• **TASK STATEMENT**
From the line with "通过有趣的哈气活动,孩子们发" through the line with "This exquisite large", repeat the entries verbatim, both end lines included, and add nothing.

• **RECORD SET**
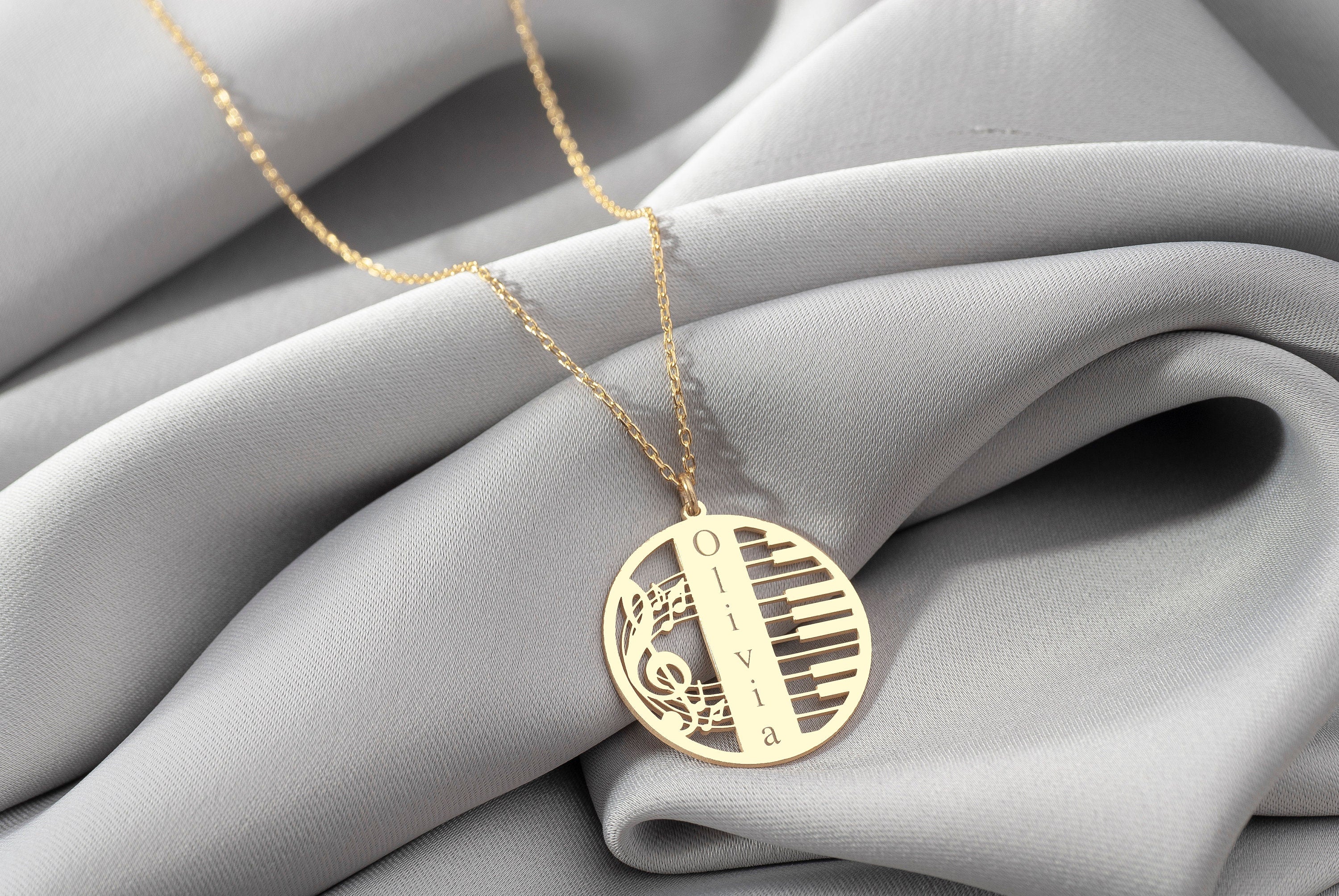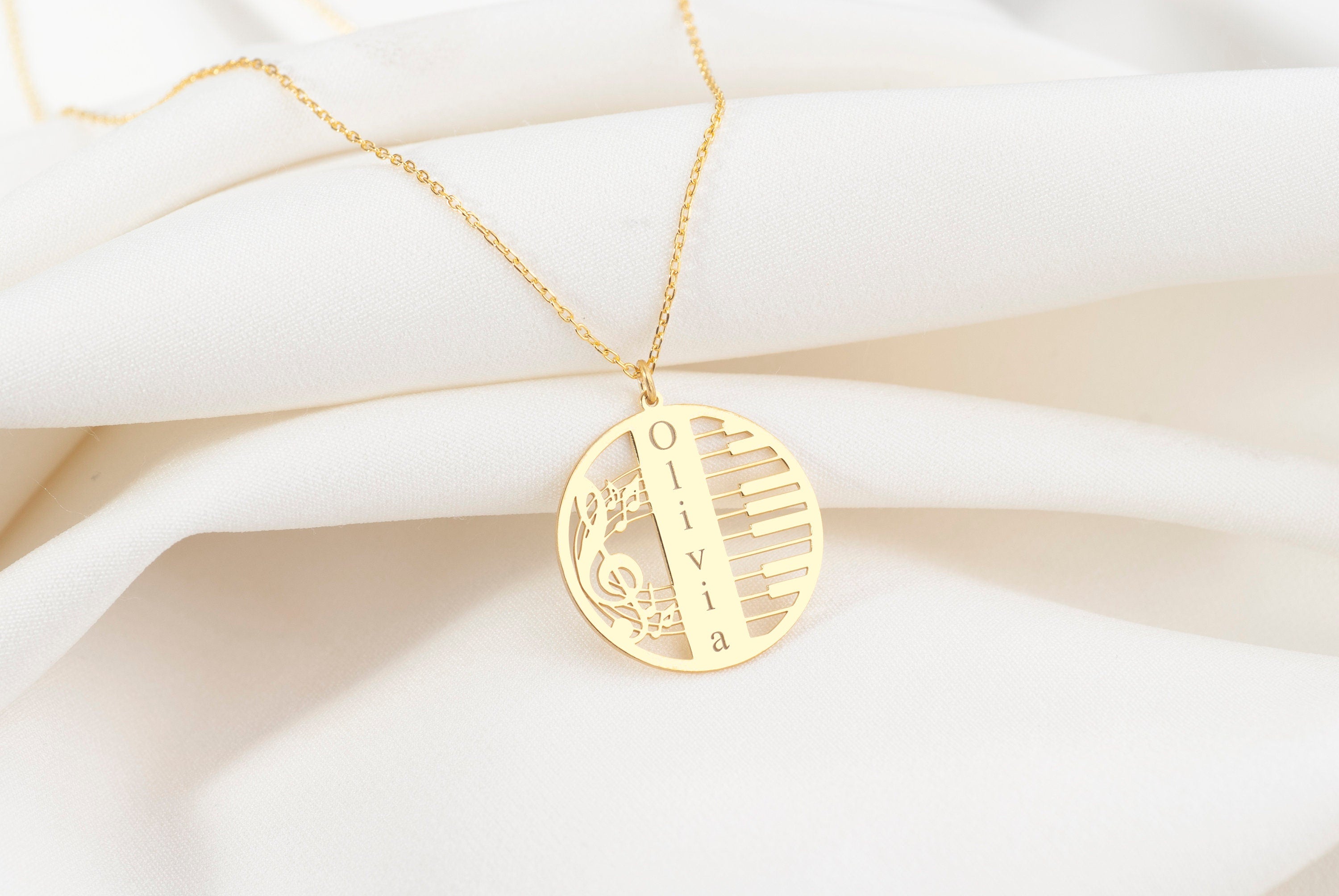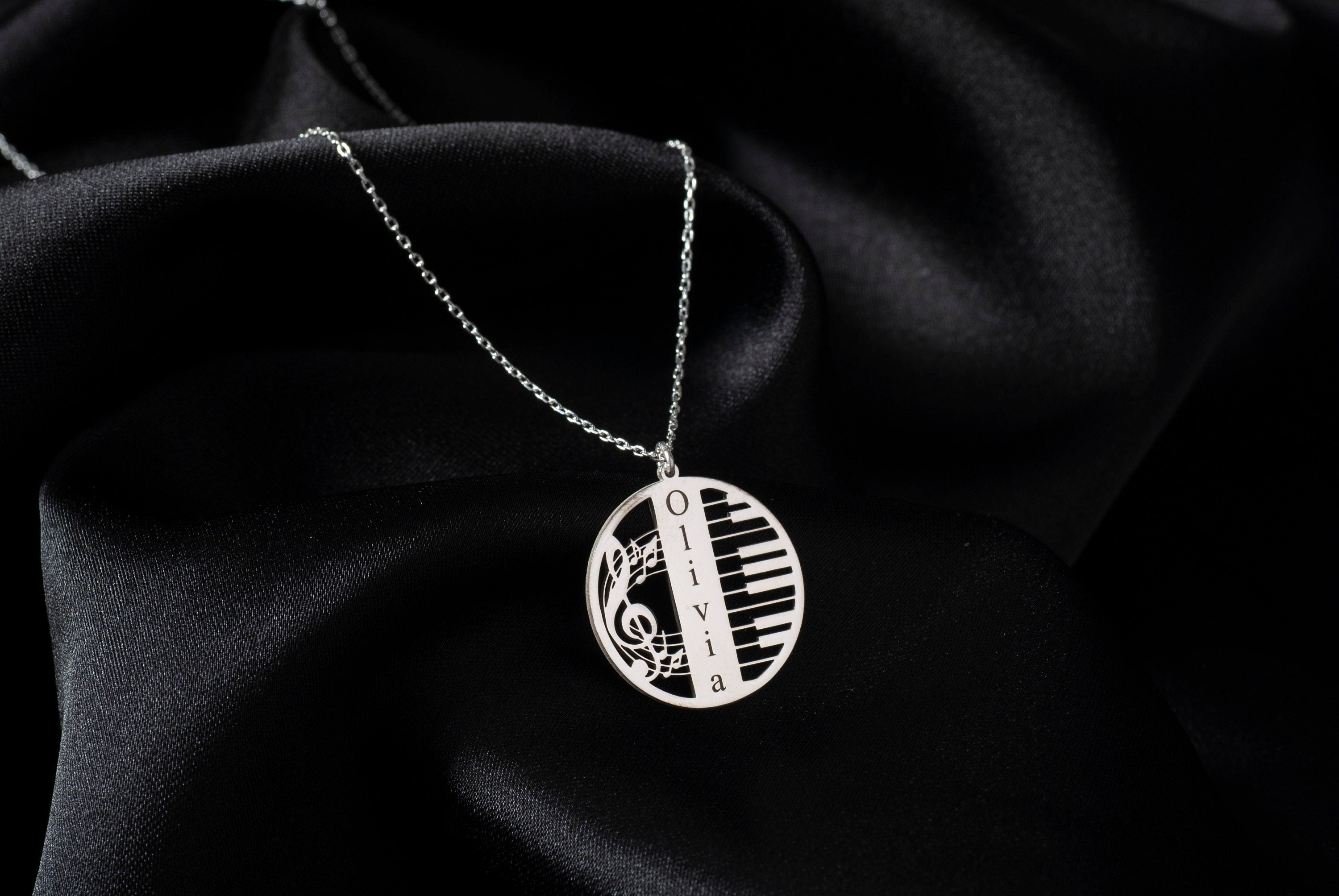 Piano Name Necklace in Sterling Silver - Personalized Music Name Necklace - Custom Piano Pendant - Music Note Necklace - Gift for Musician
...
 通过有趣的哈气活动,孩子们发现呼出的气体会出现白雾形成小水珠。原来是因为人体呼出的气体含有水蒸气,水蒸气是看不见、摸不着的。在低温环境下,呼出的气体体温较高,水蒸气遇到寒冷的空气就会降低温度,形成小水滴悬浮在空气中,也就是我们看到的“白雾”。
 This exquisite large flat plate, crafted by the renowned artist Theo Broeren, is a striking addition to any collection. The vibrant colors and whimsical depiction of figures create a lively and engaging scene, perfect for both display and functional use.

• **EXERCISE RESULT**
 通过有趣的哈气活动,孩子们发现呼出的气体会出现白雾形成小水珠。原来是因为人体呼出的气体含有水蒸气,水蒸气是看不见、摸不着的。在低温环境下,呼出的气体体温较高,水蒸气遇到寒冷的空气就会降低温度,形成小水滴悬浮在空气中,也就是我们看到的“白雾”。
 This exquisite large flat plate, crafted by the renowned artist Theo Broeren, is a striking addition to any collection. The vibrant colors and whimsical depiction of figures create a lively and engaging scene, perfect for both display and functional use.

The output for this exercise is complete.